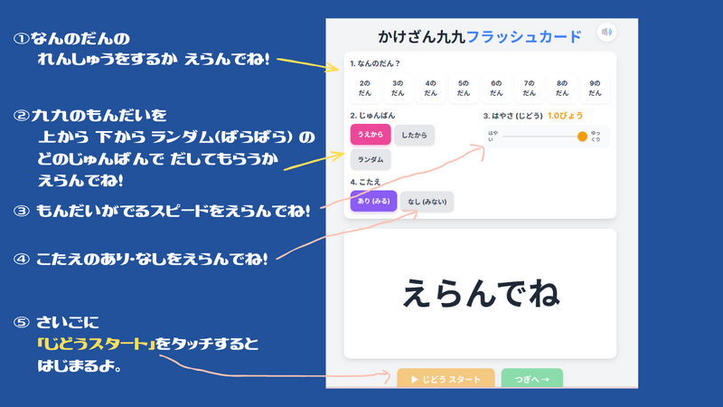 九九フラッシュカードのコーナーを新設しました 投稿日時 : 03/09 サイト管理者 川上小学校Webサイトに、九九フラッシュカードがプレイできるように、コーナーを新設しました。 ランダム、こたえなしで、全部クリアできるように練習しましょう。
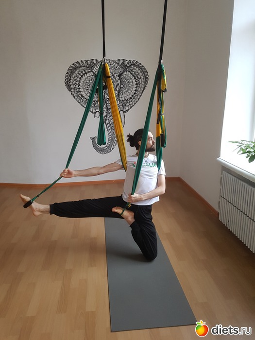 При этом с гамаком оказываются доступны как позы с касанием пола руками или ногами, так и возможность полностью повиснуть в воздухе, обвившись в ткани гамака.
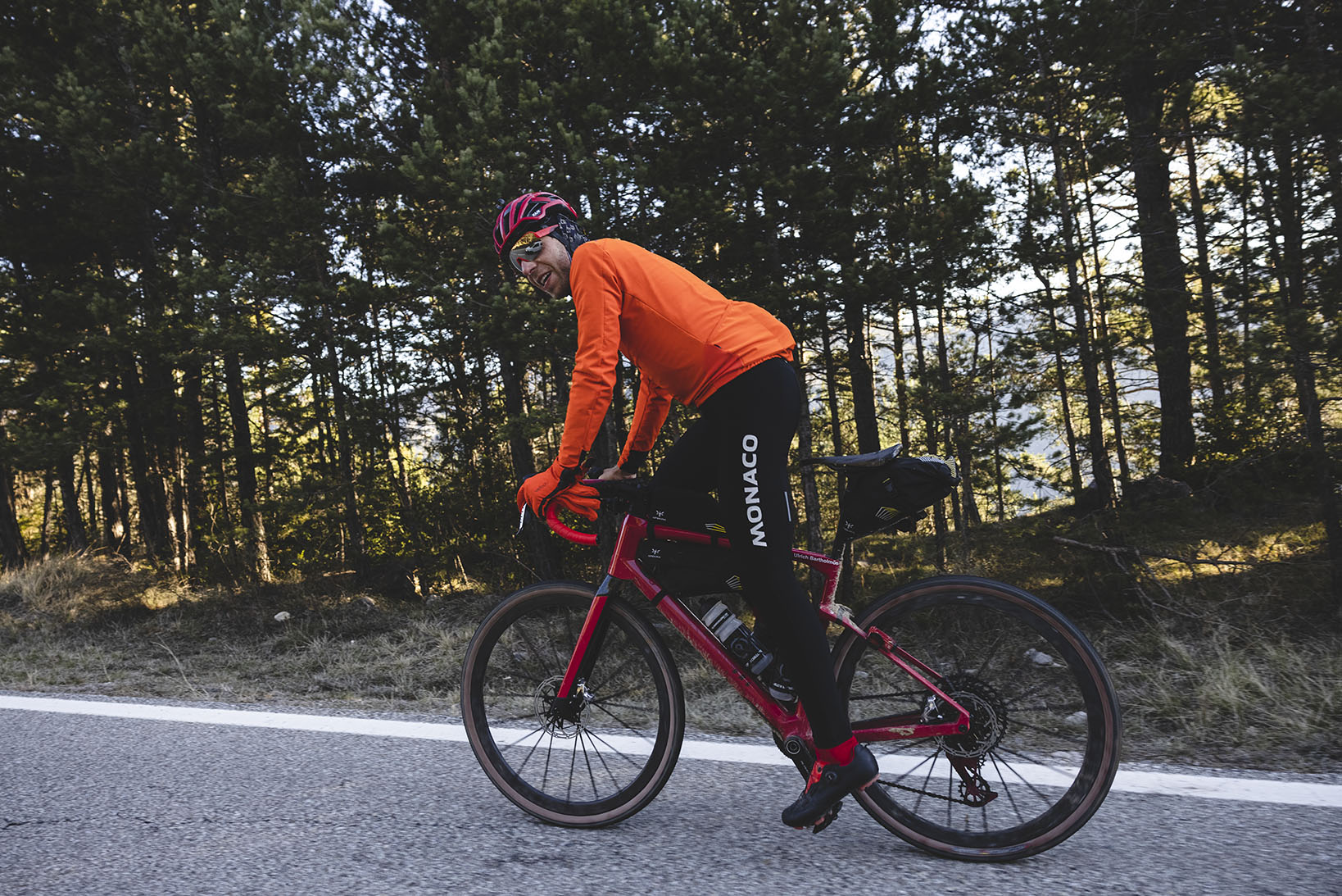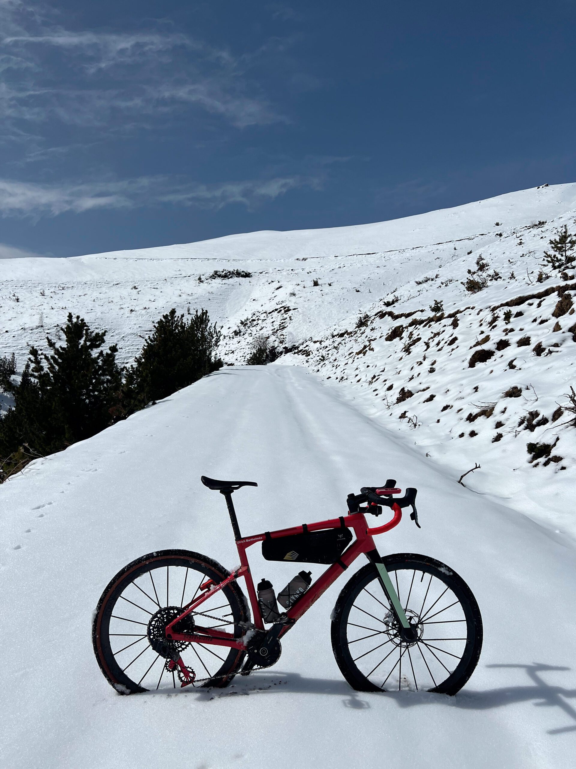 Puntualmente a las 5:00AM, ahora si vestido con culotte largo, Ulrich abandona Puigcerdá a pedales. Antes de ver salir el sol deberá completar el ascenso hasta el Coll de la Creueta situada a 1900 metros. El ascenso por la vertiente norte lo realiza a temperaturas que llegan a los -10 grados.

...

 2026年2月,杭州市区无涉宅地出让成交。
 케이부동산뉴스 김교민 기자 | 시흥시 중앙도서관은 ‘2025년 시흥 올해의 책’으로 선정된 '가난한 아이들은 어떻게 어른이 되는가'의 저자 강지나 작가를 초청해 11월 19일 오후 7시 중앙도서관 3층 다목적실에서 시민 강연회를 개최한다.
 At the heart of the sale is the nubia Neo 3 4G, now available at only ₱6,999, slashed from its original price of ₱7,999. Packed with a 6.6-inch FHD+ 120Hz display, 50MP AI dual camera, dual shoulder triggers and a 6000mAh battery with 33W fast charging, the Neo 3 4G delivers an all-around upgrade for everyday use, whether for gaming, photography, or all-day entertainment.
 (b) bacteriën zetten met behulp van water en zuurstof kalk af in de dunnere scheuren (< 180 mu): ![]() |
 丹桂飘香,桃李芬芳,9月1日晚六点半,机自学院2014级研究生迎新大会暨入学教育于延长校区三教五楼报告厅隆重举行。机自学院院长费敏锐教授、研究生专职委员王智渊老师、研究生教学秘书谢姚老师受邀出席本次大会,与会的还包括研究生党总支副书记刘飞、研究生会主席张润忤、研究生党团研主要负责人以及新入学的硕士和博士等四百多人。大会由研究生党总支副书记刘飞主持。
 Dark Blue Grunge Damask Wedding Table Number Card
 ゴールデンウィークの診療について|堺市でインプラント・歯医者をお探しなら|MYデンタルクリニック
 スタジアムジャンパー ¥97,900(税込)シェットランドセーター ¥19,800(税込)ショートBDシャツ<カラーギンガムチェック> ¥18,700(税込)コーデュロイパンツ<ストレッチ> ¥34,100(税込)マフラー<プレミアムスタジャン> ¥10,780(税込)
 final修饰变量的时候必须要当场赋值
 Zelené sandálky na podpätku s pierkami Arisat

**YOUR INSTRUCTIONS:** Scan the lines above for "ゴールデンウィークの診療につ" and for "Zelené sandálky na". Repeat exactly the line holding each of them and every line in between.

**EXERCISE RESPONSE:**
 ゴールデンウィークの診療について|堺市でインプラント・歯医者をお探しなら|MYデンタルクリニック
 スタジアムジャンパー ¥97,900(税込)シェットランドセーター ¥19,800(税込)ショートBDシャツ<カラーギンガムチェック> ¥18,700(税込)コーデュロイパンツ<ストレッチ> ¥34,100(税込)マフラー<プレミアムスタジャン> ¥10,780(税込)
 final修饰变量的时候必须要当场赋值
 Zelené sandálky na podpätku s pierkami Arisat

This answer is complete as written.